Ketahanan Pangan Terancam, Islam Solusinya

Oleh: Fajrianti Halik (Mahasiswi, Aktivis Muslimah)

Indonesia dikenal sebagai negara dengan konsumsi kedelai terbesar di dunia setelah Cina, karena tahu dan tempe dipilih oleh kebanyakan masyarakat mulai dari ekonomi tinggi ekonomi sampai rendah sebagai makanan atau lauk yang murah tapi mengandung gizi seperti sumber protein nabati.
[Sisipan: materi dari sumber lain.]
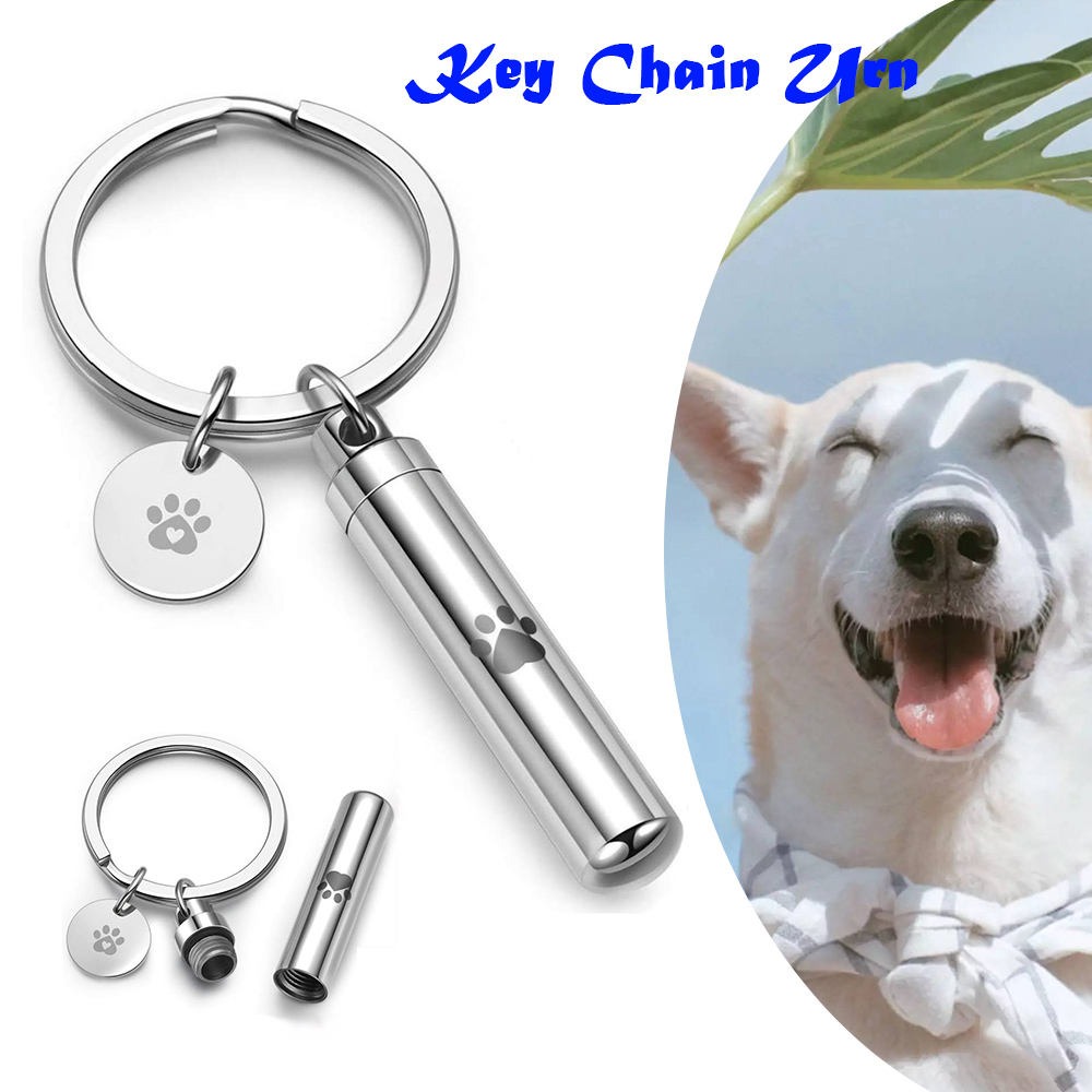 Stainless Steel Mini Silver Cylinder with Paw Print Cremation Memorial Keepsake-Human/Pet Memorial Ashes Urn Jewelry KeyChain quantity
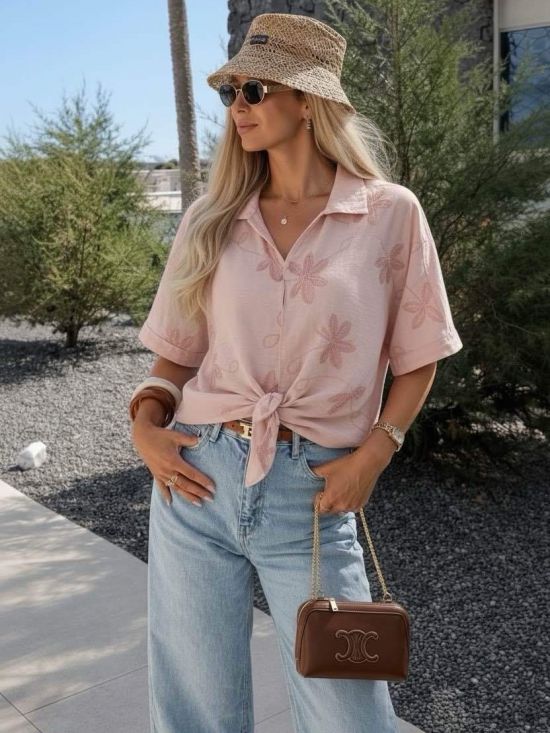 Blouse unie brodée manches courtes Luce-shop Collection.
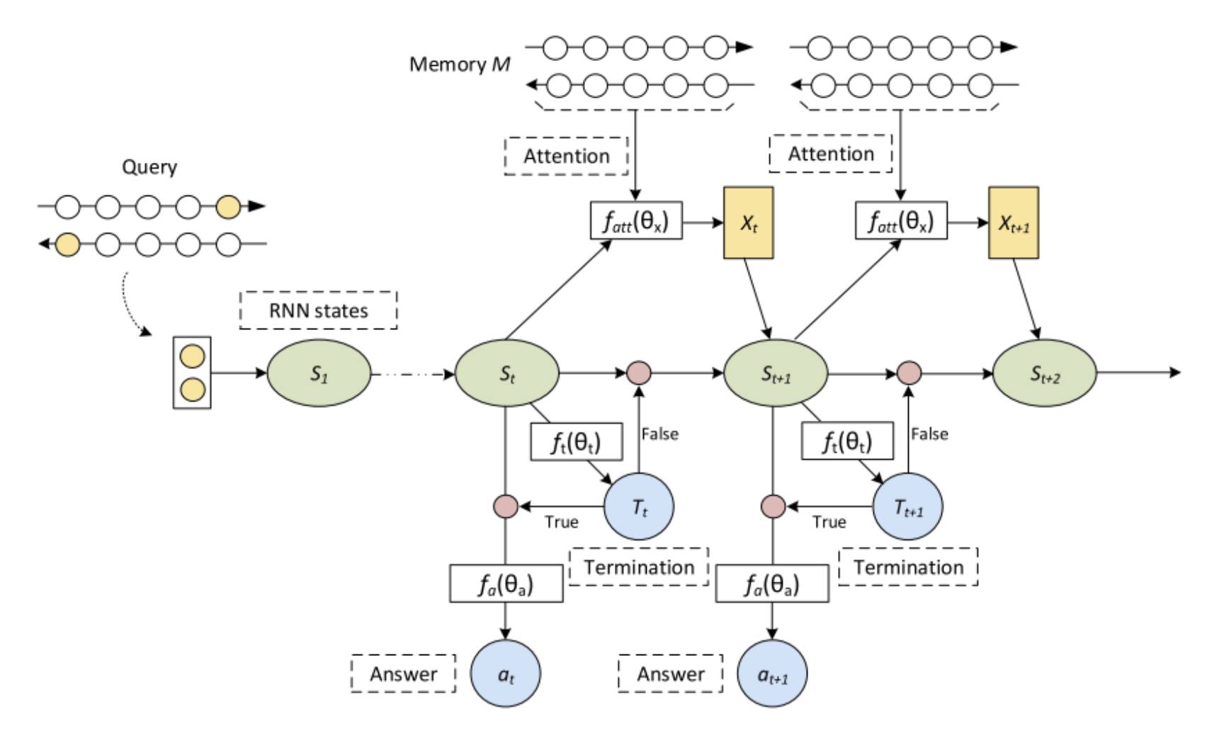 否则,中间状态 s 会和 Memory(原文和问题)中每一位表示计算注意力,并基于注意力求原文和问题的加权表示 x,x 和 s 共同作为一个 RNN 的输入,产生新的中间状态 s 并进入下一轮迭代。
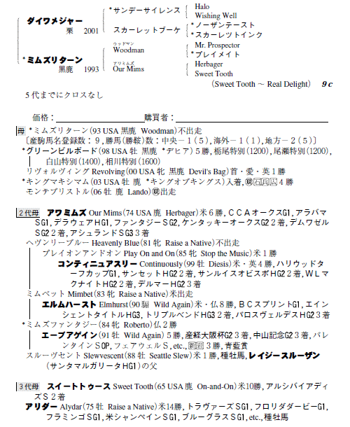 父ダイワメジャー 母ミムズリターン(母父Woodman)

Dilansir dari Republika.co.id 2/1/2021, bahwa sudah dua hari tahu dan tempe sulit ditemukan atau bahkan tidak dijual lagi baik itu di pasar tradisional atau penjual keliling, seperti pasar tradisional di kota Tangerang, Banten. Hal ini terjadi lantaran naiknya bahan baku kedelai. Para perajin tahu di Bogor hingga se Jabodetabek melakukan libur produksi missal mulai 31 Desember 2020 hingga 2 Januari 2021. Hal tersebut dilakukan sebagai bentuk protes kepada pemerintah karena tidak ada perhatian pada perajin tahu dan tempe mengenai kenaikan harga kedelai.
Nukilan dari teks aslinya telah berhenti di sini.